I woke up with one pillow on the bed, a blanket tangled around my legs like a python, and my left cheek stuck to Cairo's shirt—which smelled suspiciously like me.
You know that faint vanilla-rose scent that only expensive shampoos and dramatic women have?
Yup.
That's me.
But you know what wasn't there?
Cairo.
"What?!" I shrieked, sitting up like a freshly summoned zombie bride. "He's gone?! Where is my emotional support racecar boyfriend?!"
I checked the couch.
Just me and my drama.
No note.
No goodbye kiss.
No trail of rose petals leading to the kitchen with an avocado toast surprise.
Just an empty unit.
Like my inbox.
Wait.
I bolted to the door, still in my Hello Kitty pajama shorts and oversized white tee that literally said Don't Touch Me, I'm Delicate.
I peeked out dramatically into the hallway, like I was in a suspense-thriller starring me as the clingy girlfriend who just wanted cuddles.

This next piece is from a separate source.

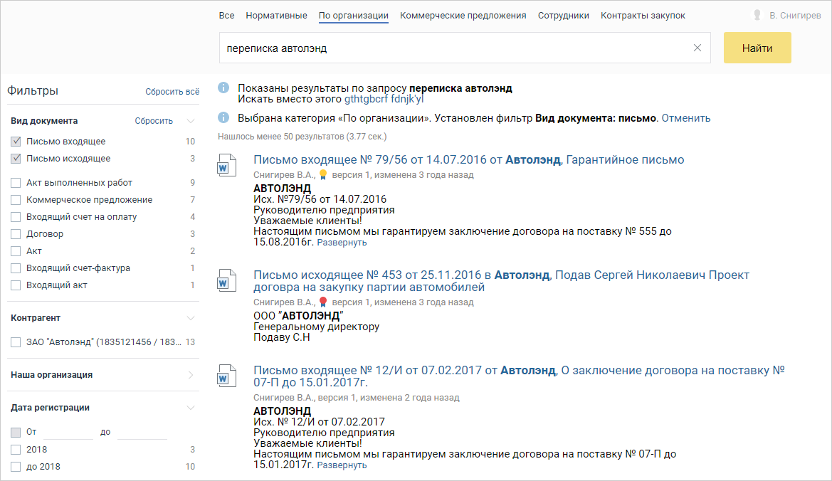 • исправление опечаток и неправильной раскладки клавиатуры при вводе запроса, подсказки по истории запросов и наименованиям общедоступных документов, работа с фильтрами;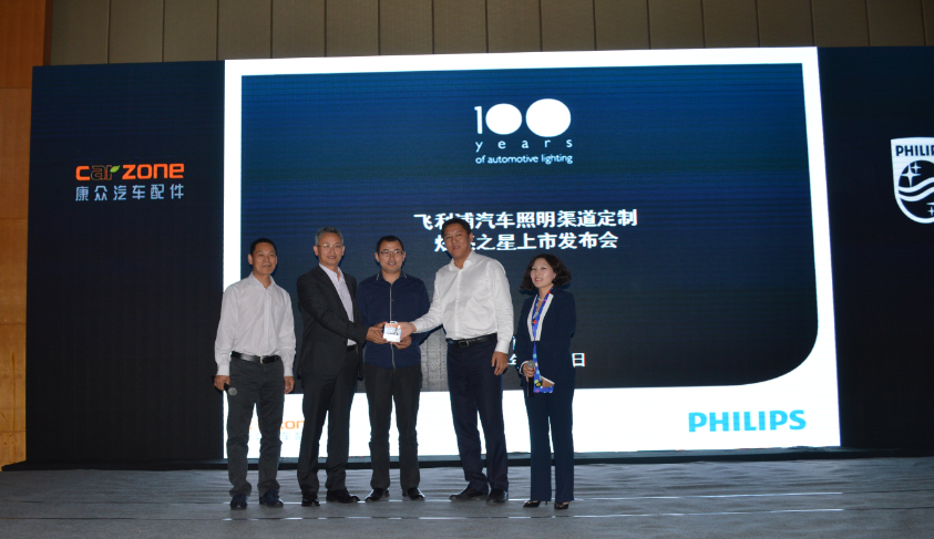 最后发布会在主持人邀请下:飞利浦汽车照明全国销售经理刘竟俊、高级市场经理卢少军、灯具市场经理程鹏、区域销售经理向超;康众汽配连锁总经理商宝国、市场总甘肃分公司总经理谈春林、贵州分公司总经理刘波、上海分公司总经理陈越、副总经理闫海林共同开启炫亮之星上市,为整个发布会推上高潮!

Of course, he wasn't there.
Because training again.
Priorities.
Commitment.
Discipline.
Ugh.
I rolled my eyes and muttered, "Fine. Be an icon. I'll just go back to my condo and spiral."

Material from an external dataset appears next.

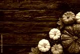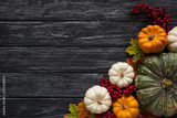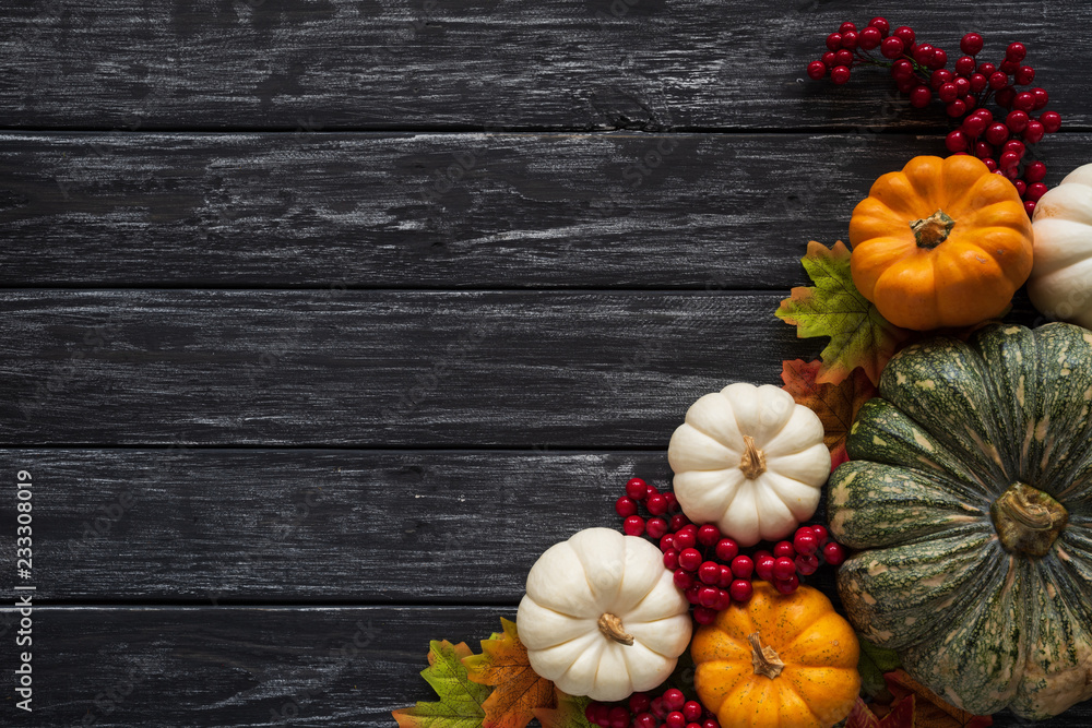 Top view of Autumn maple leaves with Pumpkin and red berries on old wooden background. Thanksgiving day concept.

So I walked the two feet to my unit next door, dragging my fuzzy slippers like I was being evicted from my own feelings.
The door slammed a little too dramatically behind me—like even it was tired of my behavior.
Inside, I stared at the ceiling for twenty minutes.
And then I stared at my air fryer.
And then I opened the fridge like something new would magically appear.
It didn't.
So I decided to do what any normal, unemployed actress with a chaotic relationship and severe attachment issues would do.
Grocery shopping.
"Today," I declared, standing in front of my mirror with one hand on my hip, "I will be a chef. A domestic goddess. The Julia Child of aesthetic breakfast, and I will not burn the kitchen."
But not mine.
LOL, no.
Cairo's kitchen, of course.
He had better pans.
And fire extinguishers.
So I got dressed like I was starring in a 'Grocery Girl Aesthetic TikTok Vlog in Seoul' even though I was literally just going to SM Supermarket in BGC.
I wore beige cargo pants, a baby pink cropped cardigan, and sunglasses bigger than my future.
Then I stared at my car keys.
Then I stared at my past trauma. "Nope," I whispered. "We're not going to jail again."
So I booked a Grab.
And yes, I triple-checked if I brought my license. I even whispered to my bag, "Stay with me this time, girl."
The Grab driver tried to make small talk, but I just smiled, nodded, and internally replayed every time
Cairo smiled at me in slow motion like a drama lead.
—
By the time I got to the grocery store, I had already imagined our future with two kids, one golden retriever, and a shared TikTok cooking channel called "Where there is Adobo, there is Love."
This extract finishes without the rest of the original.